В 4 часа все разъехались, и я вернулся во дворец вел. князя Александра Михайловича, где я живу. На другой день, т. е. сегодня утром, я узнал об исчезновении Григория Ефимовича, которое ставят в связь с моим вечером. Затем мне рассказали, что, как будто, видели меня у него ночью, и что он со мной уехал. Это сущая ложь, т. к. весь вечер я и мои гости не покидали моего дома. Затем мне говорили, что он кому-то сказал, что поедет на днях познакомиться с Ириной. В этом есть доля правды, т. к., когда я его видел в последний раз, он меня просил познакомить его с Ириной и спрашивал, тут ли она. Я ему сказал, что жена в Крыму, но приезжает числа 15-го или 16-го декабря. 14-го вечером я получил от Ирины телеграмму, в которой она пишет, что заболела и просит меня приехать вместе с ее братьями, которые выезжают сегодня вечером. Я не нахожу слов, ваше Величество, чтобы сказать вам, как я потрясен всем случившимся, и до какой степени мне кажутся дикими обвинения, которые на меня возводятся.

Остаюсь глубоко преданный Вашему Величеству.

Феликс». (ГА РФ. Ф. 640. Оп. 2. Д. 50. Л. 1–2 об.; «Красный архив». 1923. Т. 4. С. 424–426)

Императрица Александра Федоровна передала это письмо министру юстиции.

На общем совещании мы решили всем говорить только то, что было уже сказано генералу Григорьеву, повторено М. Г., градоначальнику и императрице в моем к ней письме. Что бы ни случилось, какие бы новые улики ни были найдены против нас, мы не должны были менять своих показаний.

В.М. Пуришкевич об этом сговоре записал в дневнике:

«Мы прошли в мое купе, где С. передал мне просьбу Дмитрия Павловича немедленно приехать к нему во дворец.

Я сел с ним в автомобиль, и мы поехали.

Во дворце я застал, кроме хозяина, еще и Юсупова, оба они были чрезвычайно взволнованы, пили чашку за чашкой черное кофе и коньяк, заявив, что не ложились спать вовсе этой ночью и что день провели до нельзя тревожно, ибо императрица Александра Федоровна уже осведомлена об исчезновении и даже смерти Распутина и называет нас виновниками его убийства.

Фрейлина Головина, секретарша Распутина, сообщила, куда поехал Григорий Ефимович вечером, вся полиция и все сыскное отделение уже поставлены на ноги, в целях разыскать труп убитого и найти все нити этого дела.

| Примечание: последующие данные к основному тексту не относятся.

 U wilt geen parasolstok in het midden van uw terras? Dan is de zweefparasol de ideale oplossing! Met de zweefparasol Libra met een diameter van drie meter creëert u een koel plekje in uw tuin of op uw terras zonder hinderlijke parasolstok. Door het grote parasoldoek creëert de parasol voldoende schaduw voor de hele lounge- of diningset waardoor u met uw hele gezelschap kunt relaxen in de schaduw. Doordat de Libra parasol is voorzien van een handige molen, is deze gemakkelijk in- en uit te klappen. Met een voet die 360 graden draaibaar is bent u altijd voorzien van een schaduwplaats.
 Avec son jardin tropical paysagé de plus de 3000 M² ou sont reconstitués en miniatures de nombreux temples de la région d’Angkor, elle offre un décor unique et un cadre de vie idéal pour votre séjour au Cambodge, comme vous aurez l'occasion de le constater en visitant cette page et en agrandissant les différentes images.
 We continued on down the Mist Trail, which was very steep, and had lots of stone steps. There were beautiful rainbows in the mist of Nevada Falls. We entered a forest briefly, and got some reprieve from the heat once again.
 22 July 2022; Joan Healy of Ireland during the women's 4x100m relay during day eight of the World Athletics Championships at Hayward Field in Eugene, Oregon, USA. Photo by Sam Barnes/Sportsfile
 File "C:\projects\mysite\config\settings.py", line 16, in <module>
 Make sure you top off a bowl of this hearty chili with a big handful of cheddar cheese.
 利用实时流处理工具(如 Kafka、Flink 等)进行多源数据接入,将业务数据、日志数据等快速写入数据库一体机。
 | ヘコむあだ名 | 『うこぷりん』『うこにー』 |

“Я, – заметил мне Юсупов, – должен был из-за этого гада застрелить одну из лучших моих собак и уложить ее на том месте во дворе, где снег окрасился кровью убитого вами “старца”.

“Сделал я это на случай, если наши Шерлоки Холмсы, попав на верный след исчезнувшего Распутина, пожелают анализировать кровь или прибегнуть к полицейским собакам. Я, – закончил он, – всю оставшуюся часть ночи провел с моими солдатами над приведением дома в порядок, а теперь, как видите, В.М., мы сочиняем письмо Александре Федоровне с Дмитрием Павловичем, которое надеемся сегодня же ей доставить”.

Я принял участие в дальнейшем изложении этого письма, которое мы и закончили часа через полтора после моего прибытия.

Когда письмо было закончено и запечатано, Дмитрий Павлович вышел из кабинета отправить его по назначению, хотя мы все трое чувствовали некоторую неловкость друг перед другом, ибо все, в письме

написанное, было умело продуманной ложью и изображало нас в виде незаслуженно оскорбленной добродетели»
. (Пуришкевич В. Дневник «Как я убивал Распутина». М., 1990. С. 88–89)

Итак, нами был сделан первый шаг. Открыт был путь тем людям, которые были в курсе всего случившегося и могли продолжать начатое нами дело борьбы против распутинства. Мы же должны были временно отойти в сторону.

На этом решении мы расстались.

В этих словах прослеживается у Феликса Юсупова мания величая и бонапартизма. Он признает за собой заслугу первого шага «борьбы против распутинства». Хотя борьба против Распутина, а вернее против устоев государственного строя, давно и планомерно велась оппозиционными силами и, прежде всего, в Государственной Думе сторонниками «Прогрессивного блока».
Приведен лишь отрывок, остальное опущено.